Brasília – No próximo dia 15, a população da Venezuela irá às urnas em um referendo para decidir sobre a permanência do presidente Hugo Chávez no poder. Mais de três milhões de venezuelanos assinaram o pedido de realização do referendo revocatório que será realizado com o consentimento do governo de Chávez. A transparência na execução do referendo preocupa a comunidade internacional. Chávez foi vítima de um golpe de Estado em 2002.
O Brasil vai enviar três observadores à Venezuela, para acompanhar de perto as votações, e entidades internacionais, como o Centro Carter e a Organização dos Estados Americanos (OEA), também estarão no país para garantir idoneidade ao processo.
Os deputados federais Maninha (PT-DF) e Ney Lopes (PFL-RN), e o presidente do Tribunal Superior Eleitoral (TSE), ministro Sepúlveda Pertence, foram convidados pelo Conselho Nacional Eleitoral (CNE) da Venezuela para atuar como observadores no referendo. O deputado Ney Lopes adiantou que vai recusar o convite, por estar em campanha eleitoral para a prefeitura de Natal (RN). Ney Lopes é presidente do Parlamento Latino-Americano (Parlatino) e garantiu que vai encaminhar ao CNE uma lista com o nome de seis membros do Parlatino para que um seja escolhido observador do Brasil no referendo.
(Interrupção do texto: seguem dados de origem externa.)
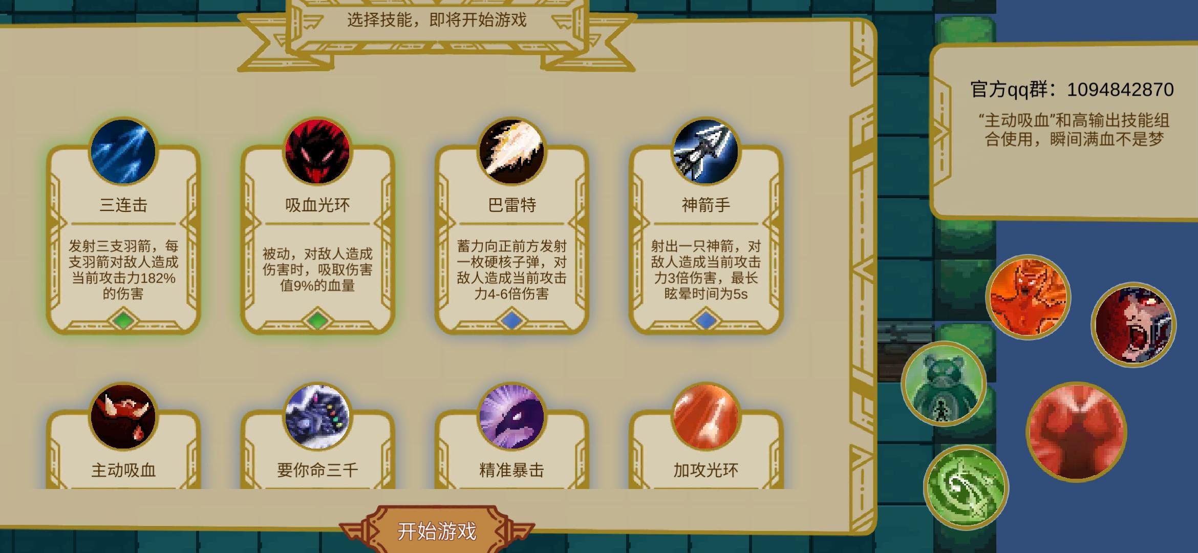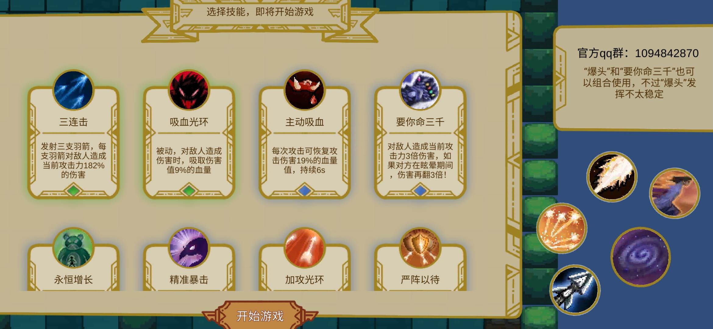 前几关随便打,直到神箭手配黑洞解锁,然后靠这两个技能掌握好眩晕时间可以无限控boos,另外几个技能可以随便带,可以带几个攻击技能,方便清小怪。

O ministro Sepúlveda Pertence ainda não decidiu se aceita o convite, informa sua assessoria. Já a deputada Maninha, única que confirmou a ida à Venezuela até o momento, foi convidada por ser presidente da Confederação Parlamentar das Américas. Segundo Maninha, o envio de observadores à Venezuela é fundamental para garantir tranqüilidade e transparência ao processo. “O referendo revocatório não pode ser utilizado como uma tentativa de golpe de Estado no país. É um processo que deve ocorrer sem pressão”, ressaltou. Para o deputado Ney Lopes, a Venezuela é um país “irmão”, que precisa do apoio brasileiro para garantir transparência ao referendo.
Maninha ressaltou que muitos países latino-americanos sofrem com democracias frágeis e, por isso, devem ter acompanhamento constante da comunidade internacional. A deputada destacou a iniciativa brasileira de criar o Grupo de Amigos da Venezuela. Na opinião dela, a articulação foi importante para que os venezuelanos não rompessem com o regime democrático. “Se o Executivo brasileiro tem sido determinante para a democracia, a nossa participação também vai ocorrer nesse sentido”, garantiu.
O Grupo de Amigos da Venezuela foi criado em 15 de janeiro de 2003 para oferecer apoio ao país, depois da forte crise política motivada por setores contrários à permanência de Hugo Chávez no poder. O grupo é integrado pelo Brasil, Chile, Espanha, Estados Unidos, México e Portugal. O grupo já manifestou preocupação com a realização do referendo e apóia o envio de observadores internacionais para garantir transparência ao processo de votação.
De acordo com a deputada Maninha, o referendo vai garantir à Venezuela uma solução democrática para o país. “Eu creio que a situação será resolvida de forma democrática”, resumiu. Para Ney Lopes, a decisão de ouvir a opinião dos venezuelanos já é uma prova de que o presidente Hugo Chávez não está disposto a romper com a democracia no país. “Só a realização do referendo é uma indicação de que o país está caminhando no rumo democrático”, enfatizou.